Even as Eisenhower won a comfortable victory nationally, Vermont weighed in as a whopping 32% more Republican than the national average and with 71.45% of the popular vote, this made Vermont the most Republican in the union in the 1952 election.

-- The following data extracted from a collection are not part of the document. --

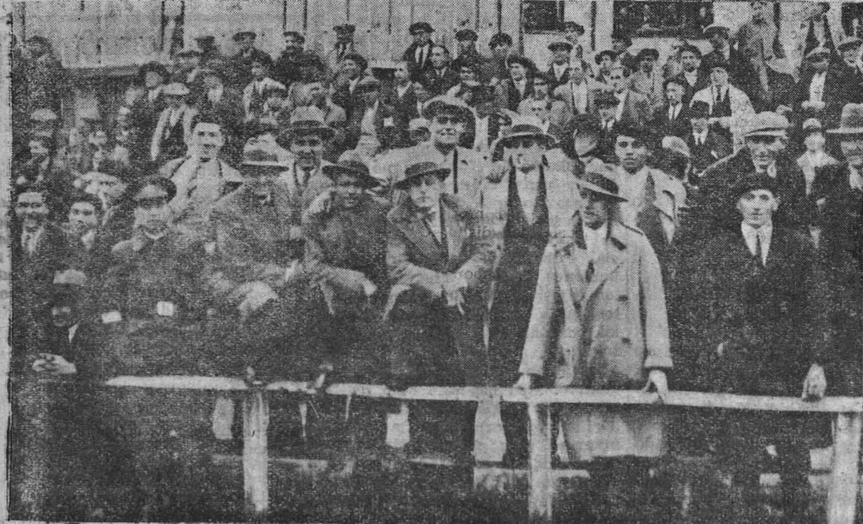
OVIEDO.—El público durante el descanso del partido entre el Castellón y el Oviedo, hace cábalas sobre cuál será el equipo que vaya a parar a la "categoría" de colista.
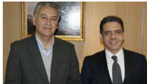
• El Gobernador Provincial de Quillota; César Barra .
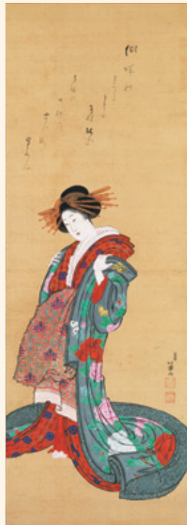
葛飾北斎「花魁図」(後期)
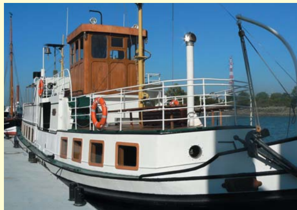
Trauung auf der MS Lühe
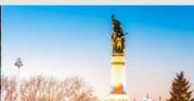
อนุสาวรีย์ผึ้งหง
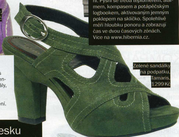
Zelené sandálky na podpatku, Tamaris, 1299 Kč

Nová kolekce značky Tamaris vnese do vašeho botníku intenzivní barvy a neotřelé materiály, které jednoznačně podtrhují mladistvý look, ale vhodně doplní i střízlivější styl oblečení. Více na www.tamaris.cz .

Eisenhower, a war hero and moderate Republican who had pledged to maintain popular New Deal Democratic policies, had wide appeal beyond the boundaries of the traditional Republican coalition. While Vermont was one of the only two states in the nation (along with Maine) to vote against Franklin Roosevelt all 4 times, the GOP margins in the state had narrowed substantially in the 1930s and 1940s, particularly due to the strong Democratic presence in the northwestern part of the state. However, Eisenhower's unique personal appeal brought even that region back into the GOP coalition, and allowed him to break 70% in the state in both 1952 and 1956 (Eisenhower's would win with a slightly larger margin in 1956), the first Republican to do so since Calvin Coolidge in 1924, and the last to date.

==Results==

1952 United States presidential election in Vermont
| Party |  | Candidate | Votes | Percentage | Electoral votes |
|  | Republican | Dwight D. Eisenhower | 109,717 | 71.45% | 3 |
|  | Democratic | Adlai Stevenson | 43,355 | 28.23% | 0 |
|  | Progressive | Vincent Hallinan | 282 | 0.18% | 0 |
|  | Socialist | Darlington Hoopes | 185 | 0.12% | 0 |
|  | N/A | Write-ins | 18 | 0.01% | 0 |
| Totals |  |  | 153,557 | 100.00% | 3 |

===Results by county===

| County | Dwight D. Eisenhower Republican |  | Adlai Stevenson Democratic |  | Various candidates Other parties |  | Margin |  | Total votes cast |
| # | % | # | % | # | % | # | % |
| Addison | 6,057 | 78.18% | 1,667 | 21.52% | 24 | 0.31% | 4,390 | 56.66% | 7,748 |
| Bennington | 8,385 | 73.31% | 3,018 | 26.39% | 34 | 0.30% | 5,367 | 46.92% | 11,437 |
| Caledonia | 7,595 | 80.60% | 1,807 | 19.18% | 21 | 0.22% | 5,788 | 61.42% | 9,423 |
| Chittenden | 13,533 | 57.87% | 9,746 | 41.68% | 106 | 0.45% | 3,787 | 16.19% | 23,385 |
| Essex | 1,592 | 69.04% | 705 | 30.57% | 9 | 0.39% | 887 | 38.47% | 2,306 |
| Franklin | 6,949 | 57.82% | 5,018 | 41.75% | 51 | 0.42% | 1,931 | 16.07% | 12,018 |
| Grand Isle | 976 | 59.15% | 665 | 40.30% | 9 | 0.55% | 311 | 18.85% | 1,650 |
| Lamoille | 3,516 | 84.52% | 633 | 15.22% | 11 | 0.26% | 2,883 | 69.30% | 4,160 |
| Orange | 5,610 | 83.49% | 1,082 | 16.10% | 27 | 0.40% | 4,528 | 67.39% | 6,719 |
| Orleans | 5,830 | 74.19% | 2,003 | 25.49% | 25 | 0.32% | 3,827 | 48.70% | 7,858 |
| Rutland | 13,980 | 69.95% | 5,970 | 29.87% | 36 | 0.18% | 8,010 | 40.08% | 19,986 |
| Washington | 11,979 | 72.59% | 4,460 | 27.03% | 64 | 0.39% | 7,519 | 45.56% | 16,503 |
| Windham | 9,774 | 77.60% | 2,790 | 22.15% | 31 | 0.25% | 6,984 | 55.45% | 12,595 |
| Windsor | 13,941 | 78.46% | 3,791 | 21.33% | 37 | 0.21% | 10,150 | 57.13% | 17,769 |
| Totals | 109,717 | 71.45% | 43,355 | 28.23% | 485 | 0.32% | 66,362 | 43.22% | 153,557 |

====Counties flipped from Democratic to Republican====
- Chittenden
- Franklin
- Grand Isle

==Analysis==
Eisenhower swept every county in Vermont, breaking 70% in 9 of the 14 counties. The three northwestern counties of Vermont had long been Democratic enclaves in an otherwise Republican state through the 1930s and 1940s, but Eisenhower finally won them back for the GOP. The region still remained the most Democratic in the state, as Eisenhower received less than 60% of the vote in Chittenden County, Franklin County and Grand Isle County, while every county outside the northwest broke 60% for Eisenhower and three broke 80%.